Auf dem FFF 2025 stand das Panel „Mut zu handeln“ im Zeichen des bürgerschaftlichen Engagements. Moderiert von Sandra Immoor (Chefredakteurin Bild der Frau), lieferte die Runde eine tiefgehende Diskussion darüber, wie Ehrenamt in Zeiten politischer und gesellschaftlicher Unsicherheit zu einer Quelle der Selbstwirksamkeit und Stabilität wird.

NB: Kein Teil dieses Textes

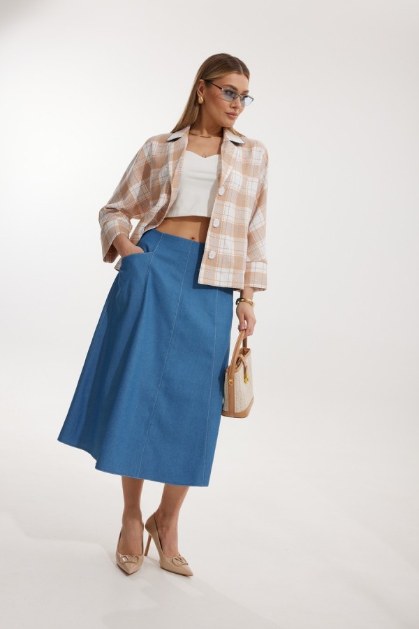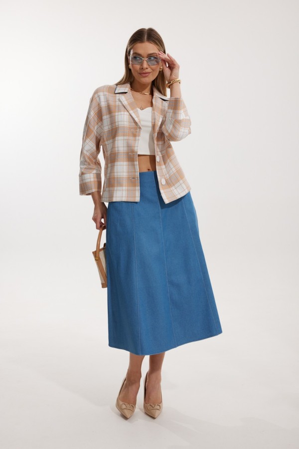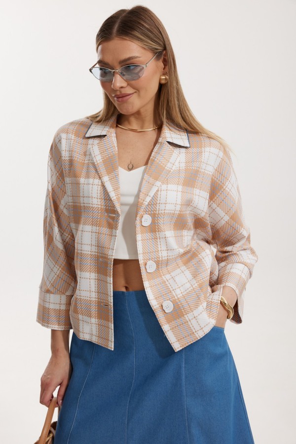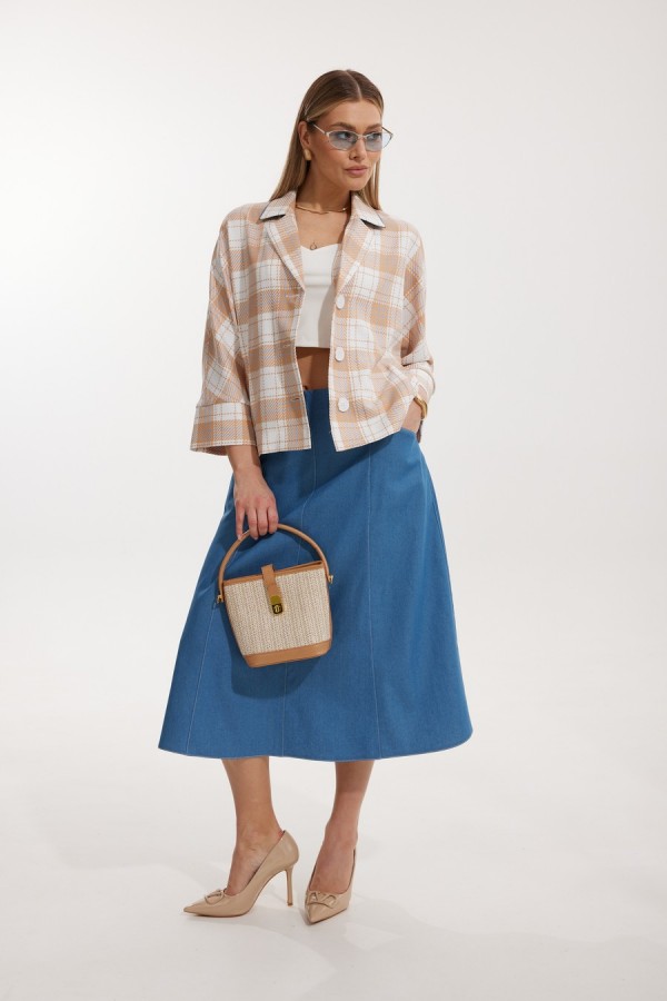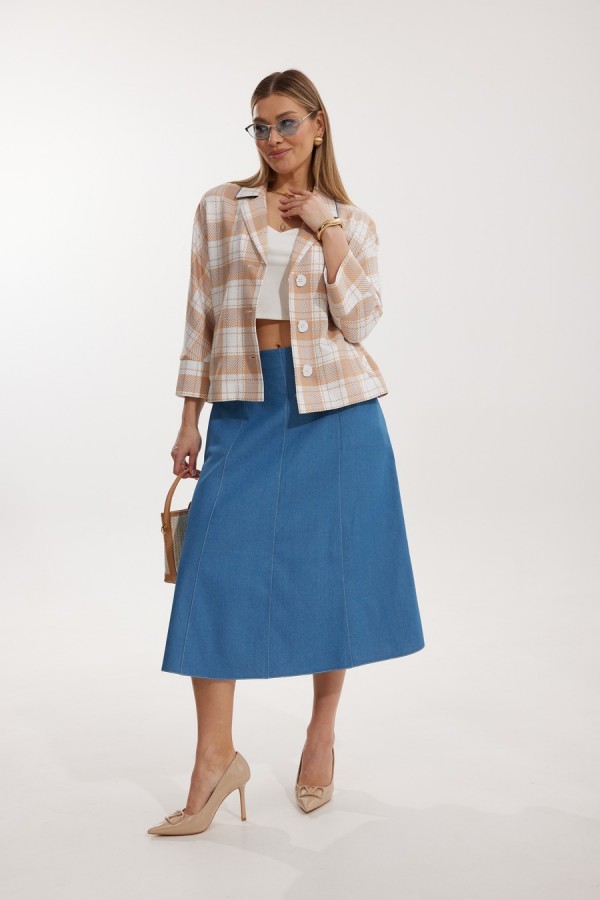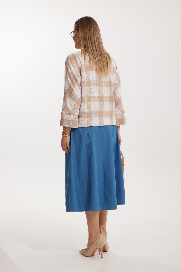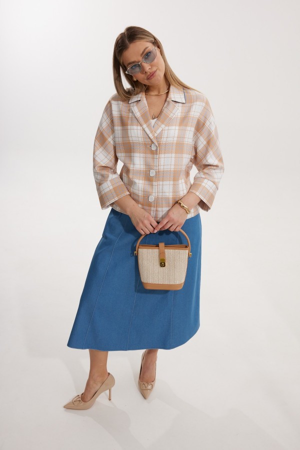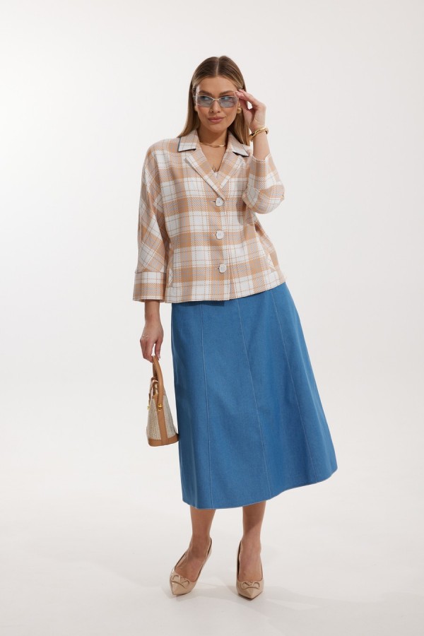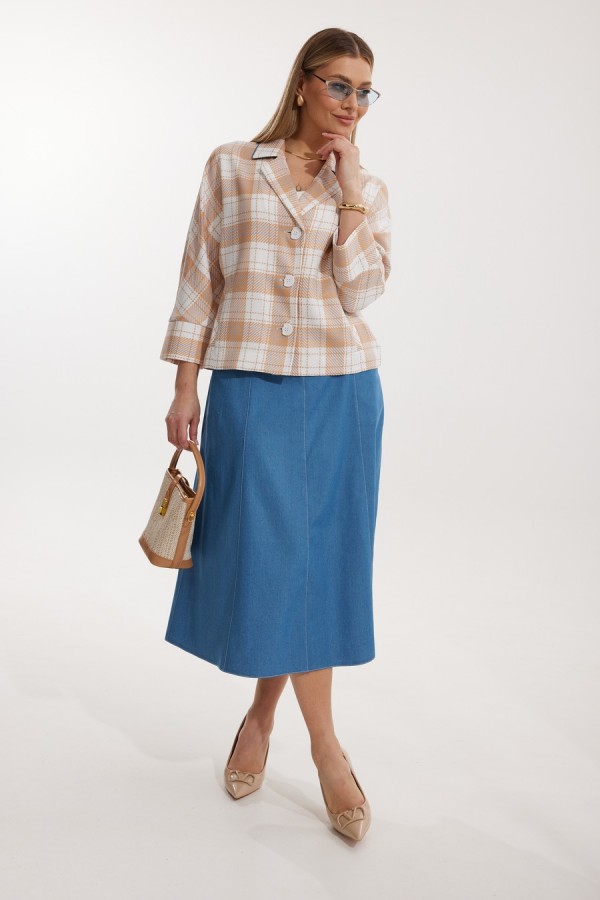 Костюм женский, состоящий из жакета и юбки. Жакет в клетку без подкладки, кроя «летучая мышь», с центральной однобортной застежкой на петли и контрастные пуговицы. По переду обработаны вертикальные прорезные карманы с листочкой. Спинка цельнокроеная. Горловина V-образной формы, обработана воротником пиджачного типа с контрастным кантом. Рукав 7/8, по низу обработан широкой притачной манжетой. Юбка женская А – силуэта длиной до середины икры. Перед юбки состоит из 4 клиньев. Вверху передней части юбки располагается карман с отрезным бочком. Спинка юбки состоит из 4 клиньев. По среднему шву юбки находится застежка – молния. Верхний срез юбки обработан обтачкой. Длина спинки изделия 58 см, длина рукава 65,5 см, длина юбки по боковому шву 80 см.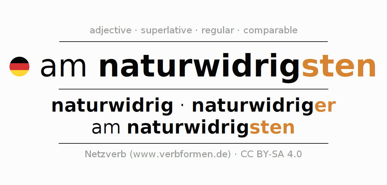 The declension of the adjective am naturwidrigsten (against nature, unnatural) uses these forms of the comparison naturwidrig,naturwidriger,am naturwidrigsten. The endings for the comparison in the comparative and superlative are er/sten. The adjective am naturwidrigsten can be used both attributively in front of a noun as well as predicative in conjunction with a verb.One can not only inflect and compare am naturwidrigsten, but all German adjectives. Comments ☆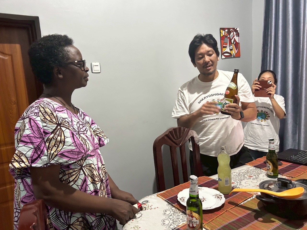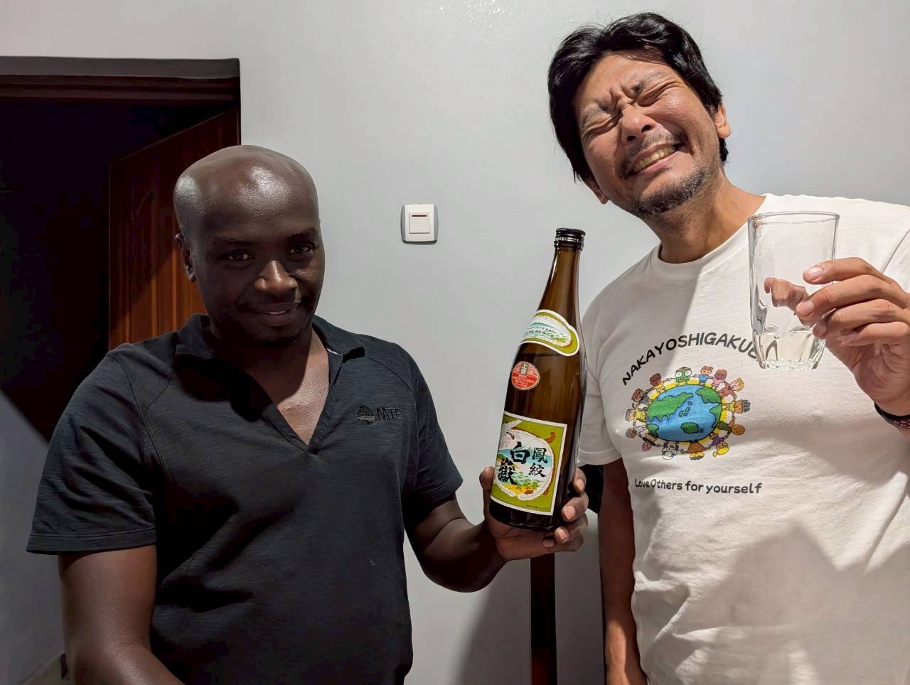 2025年8月にはアフリカ・ルワンダで行われたジェノサイド・サバイバーの方々のパーティーにて白嶽のボトルを囲み、長い苦難を越えて歩む方々の婚約の門出を祝福しました(写真)。“島の一本”が、国や言語を越えて「尊厳を讃える乾杯」の象徴となり、文化交流と心の復興に温かな光を添えました。
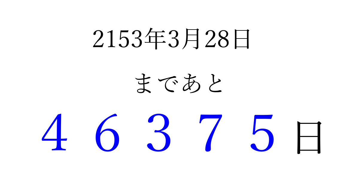 2153年3月28日(水)まで あと 99999 日です 追加すると、トップページからすぐ選べるようになります ※2026/04/08現在の結果です。 最新の状態に更新する ↓シェアして、タイムライン上にカウントダウンを表示しよう!↓ 📤 この結果を共有する Tweet シェア Threads Bluesky 別の日付でカウントダウン 2153年3月のカレンダー このページをブックマークに追加すると、いつでもカウントダウンを確認できます。 (PC: Ctrl+D / Mac: ⌘+D) hitome-notes.comでは以下のページも運営しています。 指定日と期間から日付を計算 | ガチャ確率計算・シミュレーション | プライバシー・ポリシー 運営者:Avocado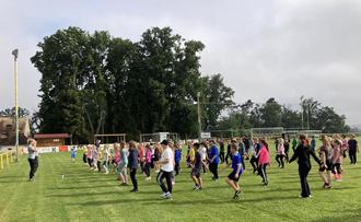 Morgens, am 20. Juni, verstellten noch Nebelschwaden den Blick über den Sportplatz. Das störte die Sportlehrerin Frau Schätzke und 16 helfende Eltern nicht, alles für das Sportfest vorzubereiten. Bei der Begrüßung und Erwärmung hatten alle noch Jacken an und die Erwachsenen wärmten sich mit einem Kaffee auf. Aber dann ging es los – mit sportlichen Höchstleistungen und mit Sonnenschein.
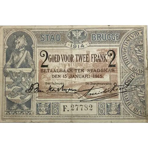 | Obverse lettering | STAD BRUGGE . 1914 . 2 GOED VOOR TWEE FRANK 2 BETAALBAAR TER STADSKAS DEN 15 JANUARI 1915. Een Schepen, De Burgemeester, RVM : BRVGENSIVM + RVM : BRVGENSIVM |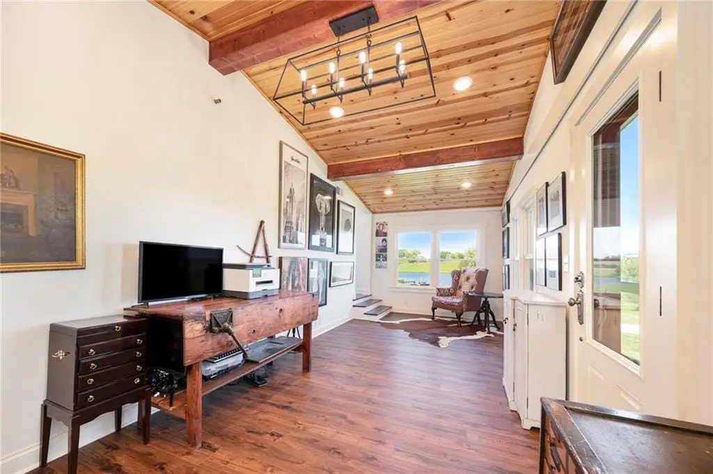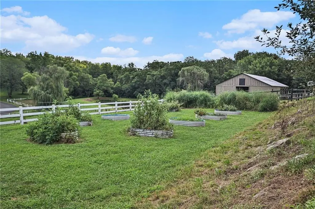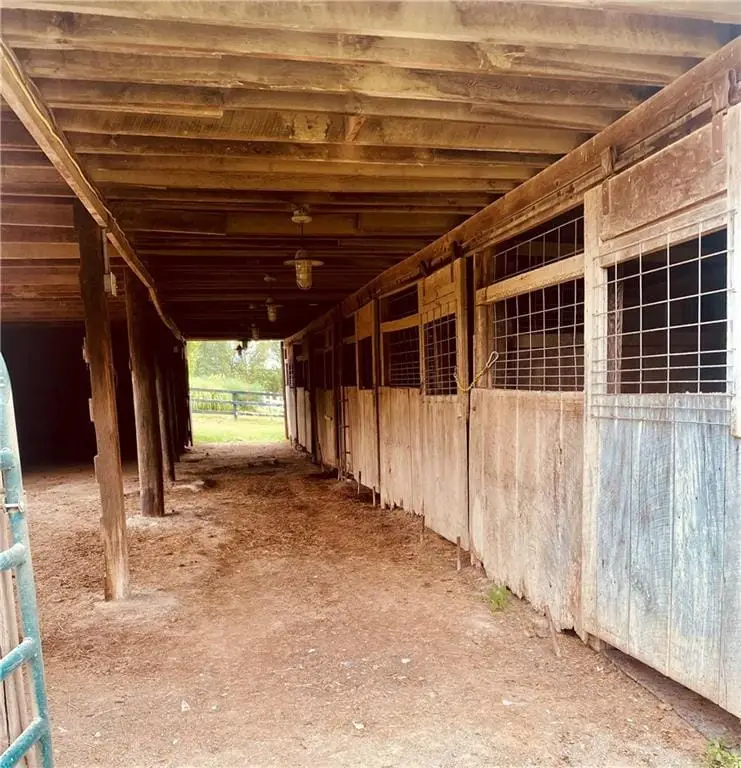 This gated property offers a unique blend of tranquility and modern living, situated on 29 picturesque acres with breathtaking views, including a 6-acre pond. The landscape features rolling hills and a variety of fruit trees, including apple, cherry, plum, pear, and peach. The equestrian enthusiast will appreciate the 7-stall horse barn equipped with electricity, a sheep barn and tractor barn, providing ample space for all your needs. A 4-car detached garage with large doors, perfect for SUVs and trucks, featuring a convenient 1/2 bath and an 8x12 concrete storm shelter for added safety. Enjoy outdoor living with covered patios and walkways leading to the garage, perfect for entertaining or relaxing. The home itself has been completely remodeled, featuring all new wiring and plumbing, a stunning kitchen with custom cabinets, high-end appliances, a butler's pantry area that any chef would adore. The primary bath and closet have also been fully renovated. The home features a newer roof, new HVAC, new windows, combining the charming character of an old farmhouse with the modern conveniences of today. The property is powered by GEOTHERMAL energy ensuring efficiency and sustainability. The pond is complete with a dock & stocked with bass, crappie, perch, and catfish. Experience the best of country living while being conveniently close to amenities and the airport. Don't miss this opportunity to own a slice of paradise!

Ehrenamt geht weit über bloße Hilfe hinaus, es ist eine zutiefst persönliche und gesellschaftlich gewinnbringende Erfahrung. Das weiß niemand so gut wie Sandra Immoor, Chefredakteurin von Bild der Frau. Vor knapp 20 Jahren hat sie die Goldene Bild der Frau gegründet – eine jährlich stattfindende Gala, in der Frauen ausgezeichnet werden, die sich ehrenamtlich in ganz unterschiedlichen Bereichen engagieren. Daraus ist ein starkes Netzwerk entstanden, das für Mut, Begegnung und Demokratie steht.
Eine dieser mittlerweile 103 prämierten Frauen ist Patricia Carl-Innig. Als ehrenamtliche Vorsitzende des Bundesverbands Kleinwüchsige Menschen und ihre Familien e.V. (BKMF e.V.) hob sie hervor, wie wichtig echte Begegnung ist und dass das Ehrenamt ein Gefühl der Selbstwirksamkeit vermittelt. „Es macht mich resilienter gegenüber Veränderung, weil ich das Gefühl habe: Ich bin nicht ohnmächtig. Ich kann etwas bewirken“, erklärte Patricia Carl-Innig.
Carl-Innig und der BKMF e.V. bieten den 3.500 Mitgliedern sehr viel: Jugendseminare, psychologische Beratung, Hilfe bei Alltags-Herausforderungen, Kontakt zu Ärzt*innen. Und das mit großem Erfolg: „Es ist toll zu sehen, wie wohl sich unsere Mitglieder in der Gemeinschaft fühlen, stärker werden. Schließlich geht es darum, voneinander zu lernen und sich gegenseitig zu bestärken.“
Im Jahr 2024 waren 36,7% der Bevölkerung ab 14 Jahren in Deutschland freiwillig engagiert, das entspricht rund 26,97 Millionen Menschen. Das freiwillige Engagement befindet sich also weiterhin auf einem hohen Niveau, auch wenn es im Vergleich zur Voruntersuchung 2019 (39,7%) leicht zurückgegangen ist. Das geht aus dem erst kürzlich publizierten Kurzbericht des Freiwilligensurveys 2024 hervor. Engagierte Personen investieren demnach wieder mehr Zeit in ihre freiwillige Tätigkeit, und auch die Häufigkeit, mit der freiwillige Tätigkeiten ausgeübt werden, hat sich im Vergleich zu 2019 erhöht (Quelle: Staatsministerium für Sport und Ehrenamt).
Auch die Münchnerin Günes Seyfarth erhielt im vergangenen Jahr die Auszeichnung der Goldenen Bild der Frau. Sie gründete 2020 die „Community Kitchen“, in der sie mit einem Team aus geretteten Lebensmitteln täglich günstige, frische Mahlzeiten kocht und so aktiv gegen Lebensmittelverschwendung anarbeitet. In der ehemaligen Firmenkantine in Neuperlach entstehen nicht nur hunderte Mahlzeiten pro Tag, sondern auch Umweltkurse und „Rettergläser“. Bis zu 40 Tonnen Lebensmittel pro Woche werden so vor dem Müll bewahrt – ein starkes Klimaschutzprojekt mit sozialem Anspruch.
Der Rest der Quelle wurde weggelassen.